6.2 Ordinary Least Squares regression (OLS)

Linear regression assumes a particular “functional form” for the relationship between X and Y, specifically that the relationship between X and Y can be summarized with a line (rather than a curve, or some other shape). A linear model takes this form:

\[Y=\beta_0+\beta_1X+\epsilon\]

  • Y and X are known (data)

  • \(\beta_0\) and \(\beta_1\) are estimated.

  • \(e\) is a random error

We are principally interested in \(\beta_1\) and we wish to know two things:

  • What can we infer about the population from our observed \(\beta_1\)?

  • What does the observed \(\beta_1\) tell us about the relationship between Xand Y in the sample?

The relationship between X and Y is assumed to be linear. This assumption imposes some structure on the link between X and Y which permits us to summarize the link between X and Y with a few parameters.

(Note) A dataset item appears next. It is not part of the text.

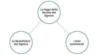 Indica il cerchio con scritto “I miei sentimenti”. Informa gli studenti che alla fine della lezione avranno l’opportunità di scrivere i loro sentimenti riguardo alla decima. Magari è il momento giusto per riflettere su eventuali preoccupazioni o difficoltà che affrontano nel pagare la decima. Potrebbero riflettere anche su come trarre beneficio dall’individuare le benedizioni che il Signore ha promesso a chi paga la decima.

If you recall high school geometry, you might remember that formula for a line is:

\[y=mx+b\] A line is fully and completely described by two parameters, \(m\) and \(b\).

  • \(b\) is the intercept (the point where the line crosses the vertical axis, \(x=0\))

  • \(m\) is the slope (rise/run) or \(\Delta{Y} / \Delta{X}\)

The linear model takes the same form:

\[Y=\beta_0+\beta_1X\]

  • \(\beta_0\) is the intercept

  • \(\beta_1\) is the slope (change in Y for every one unit change in X). So,

\[\beta_1=\frac{\Delta{Y}}{\Delta{X}}\]

And, rearranging terms,

\[\Delta{Y} = \Delta{X}*\beta_1\]

This calculation - the size of the change in Y given a particular change in X - will be the key way that we interpret and compare the size of effects using OLS.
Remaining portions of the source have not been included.